Pakistan police block Sharif meeting with dismissed CJ as lawyers renew protests

[JURIST] Riot police and blockades prevented former Pakistani Prime Minister Nawaz Sharif [BBC profile] and hundreds of supporters from marching Thursday to the home of ousted Chief Justice Iftikhar Mohammad Chaudhry [JURIST news archive], who has been under virtual house arrest since Pakistani President Pervez Musharraf's November 3 declaration of emergency rule. Sharif and his supporters disbanded peacefully. Meanwhile lawyers across Pakistan engaged in new anti-Musharraf protests [AP report] in Islamabad and a number of other cities Thursday and continued to stay away from the courts, demanding an end to emergency rule, restoration of the constitution, and reinstatement of the dismissed judges. Pakistani lawyers' groups have urged a boycott [JURIST report] of the upcoming parliamentary elections on the grounds that transparent and fair elections are impossible given the state of emergency rule [JURIST news archive] in Pakistan. AP has more. The News has local coverage.

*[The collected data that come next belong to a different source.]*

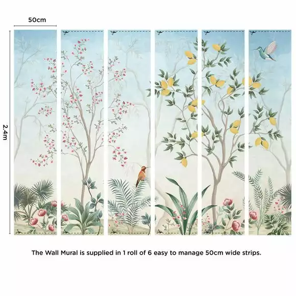 Boasting a classic vintage style complete with trees, foliage and birds, this wall mural is ideal for creating an elegant feature wall, perfect for a range of home decor styles. Boasting easy paste the wall application and a wipe clean surface, this mural is also designed to repeat for walls wider than 3m if additional mural rolls are purchased.
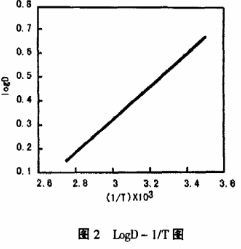 溫度是萃取過程不可忽略的重要因素,在不同的萃取溫度下,相比為1:1條件下,12g/L草酸溶液和由50%TOB+45%煤油+5%2-乙基己醇組成的有機(jī)相進(jìn)行了萃取平衡實(shí)驗(yàn),其試驗(yàn)結(jié)果如圖1所示。從圖1中可以看出,隨著溫度的升高分配比下降,溫度降低雖然分配比較大,但分相時間較長。因而萃取溫度應(yīng)為20℃-30℃較合適,將分配比的對數(shù)值對溫度的倒數(shù)1/T作圖,我們可得到如圖2所示結(jié)果。
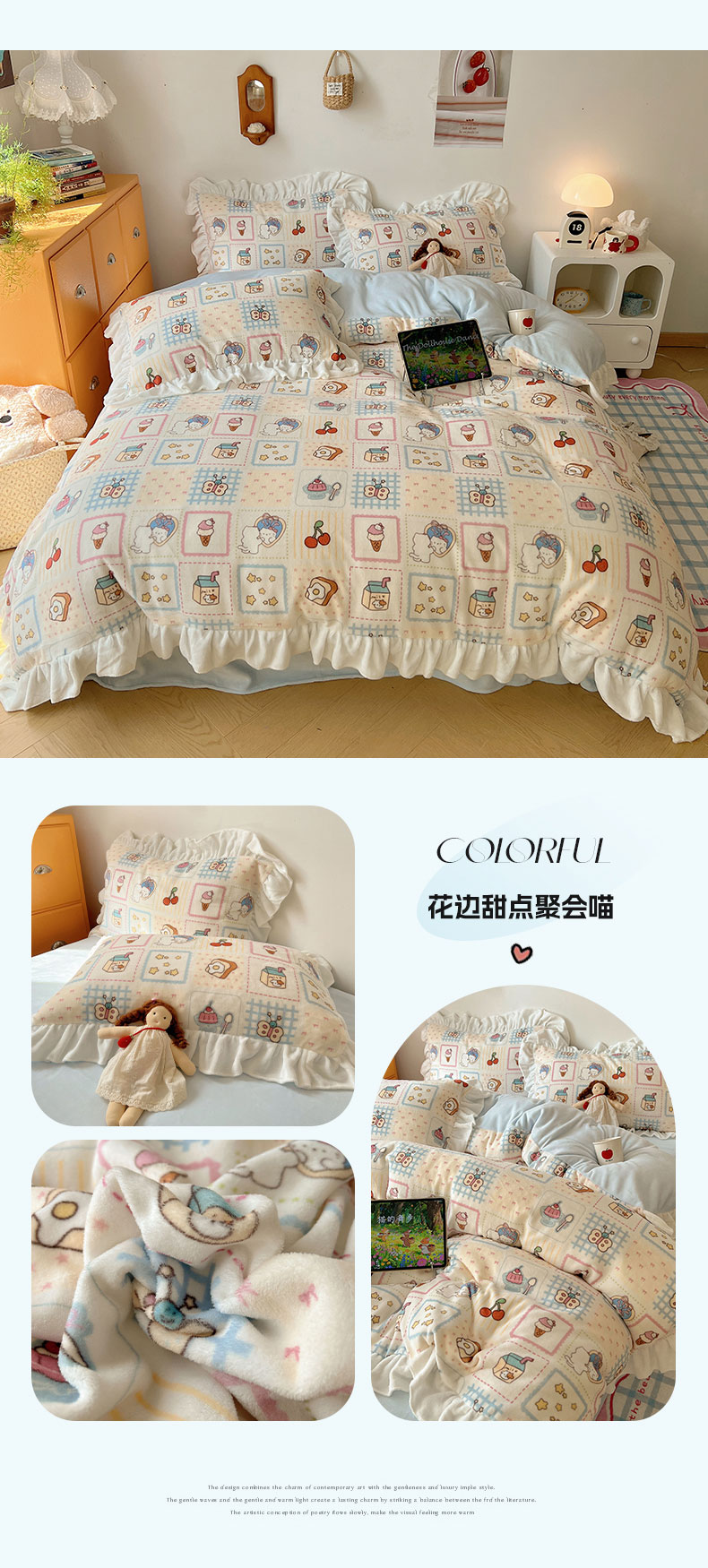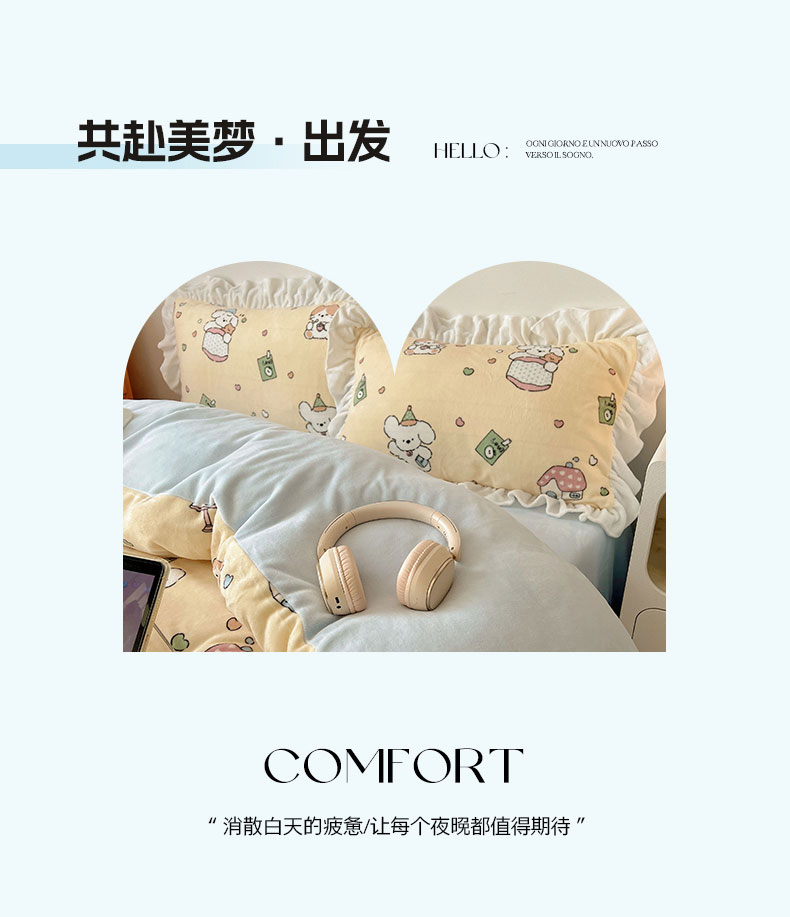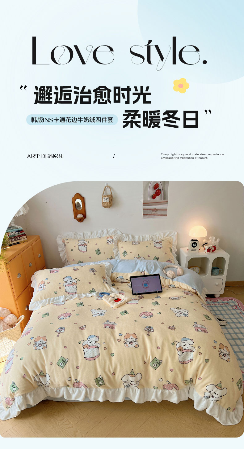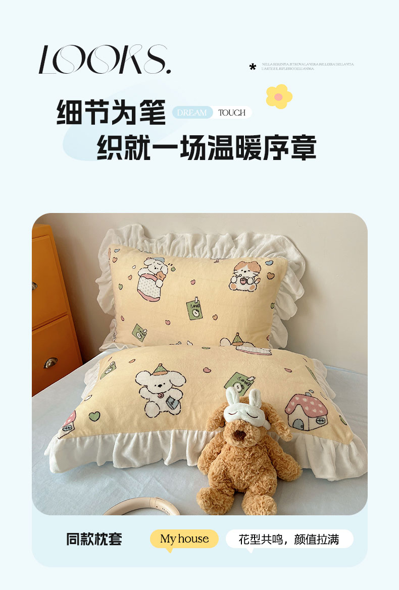 当前位置: 91家纺网 > 商品网购 > 床品套件 > 四件套 > 牛奶绒四件套 > 六巷胡同 2025新款韩式博主风花边款INS卡通牛奶绒四件套(第二系) 花边周末宠物园
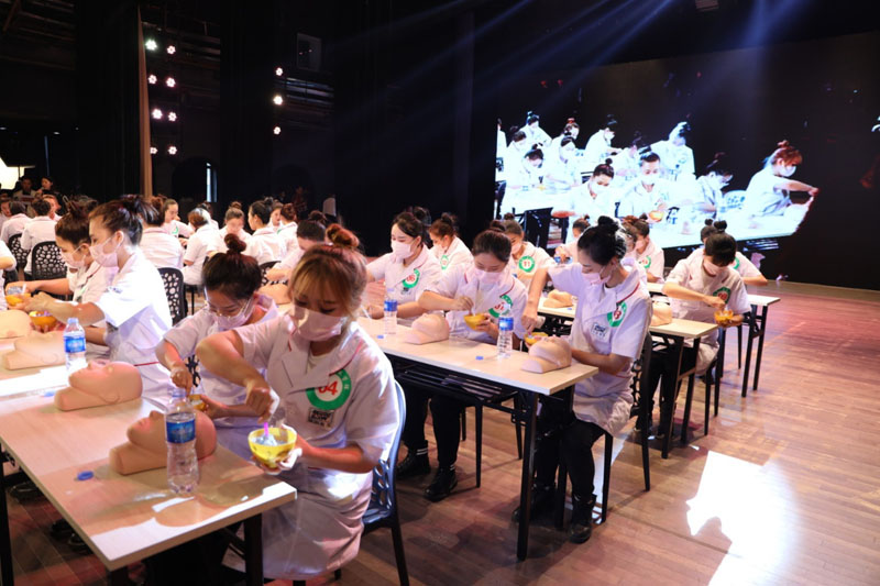 正當(dāng)所有人沉醉于盛放的浪漫中時(shí),美容系競(jìng)賽迫不及待地打響了!首先進(jìn)行的是皮膚管理班的面膜護(hù)理比賽,在評(píng)分老師的審視下,參賽學(xué)員從容不迫地在短短六分鐘時(shí)間里展示出精湛的技藝,此時(shí)此刻,她們不是在敷面膜,而是在用雙手書寫分離前行的麗質(zhì)人生!亞健康調(diào)理師班學(xué)員則進(jìn)行了手臂刮痧競(jìng)賽,展現(xiàn)了熟練的刮痧手法以及對(duì)中醫(yī)經(jīng)絡(luò)知識(shí)的深刻理解。

Also Thursday, Pakistani Supreme Court Bar Association President Aitzaz Ahsan sent [News report] a letter [text] to the country's legal community considering the effectiveness of the boycott call in various political scenarios:

in the context of ultimately achieving our one point goal of restoring the pre-November 3 status quo and the fact of a form of elections being upon us, ...I propose the following:

ONE: Our stand for boycott would be vindicated if ALL major parties also boycott.
TWO: Our stand would also be vindicated if even one of the two major political alliances (ARD or APDM), decides to boycott.
THREE: IF however ALL major parties decide TO CONTEST elections, we must devise a strategy to use the momentum to our own advantage. How? My proposal is that:

In situation THREE the hustle and bustle of the nation-wide election campaign may suck in all politically active persons within a few days. Local issues, of roads, water, sewage, schools and other services, may begin to engage people seeking promises of redress of their immediate miseries. Our one demand may go onto the back-burner of the public mind. People will become pre-occupied with other issues. That is what the regime is counting upon.

What then must be done in situation THREE (and ONLY in situation THREE)? We have to keep the issue of the “deposed” judges alive. We have to keep the spotlight on our demand.
Ahsan went on to propose that lawyers and bar associations press electoral candidates to take an oath to advance and support motions, resolutions and laws to reinstate the ousted judges at the risk of being denied lawyer's political support. He concluded:
We have a nation-wide network of District Bars. We can make it worth their while for candidates to adhere to our aspiration of restoration of judges. In the process we can, across the country, create a significant and vibrant political activity. And we will also keep the initiative with us. I am sure that within days candidates of parties already committed to the restoration of judges and independent candidates will be jostling for time to take the oath before the full blaze of the media. I can see them printing photos of the oath-taking ceremony on their posters and publicity material to assure the voters that they are committed to us. It will keep the issue of the “deposed” judges right up-front, and may be make it the most inescapable electoral issue.

We are today contesting the most unique case in the history of the world. In this case, our professional fee as lawyers is whatever this country has given each of us to date and our client are 160 million people. But our clients’ interest, our nation’s interest, we must, safeguard at all costs. If one unarmed lawyer could win the independence of this country, I do not see any reason why we, thousands of lawyers, should not be able to achieve victory.

If we put out hearts and souls into this perfectly legitimate and peaceful enterprise we will prevail. We shall overcome.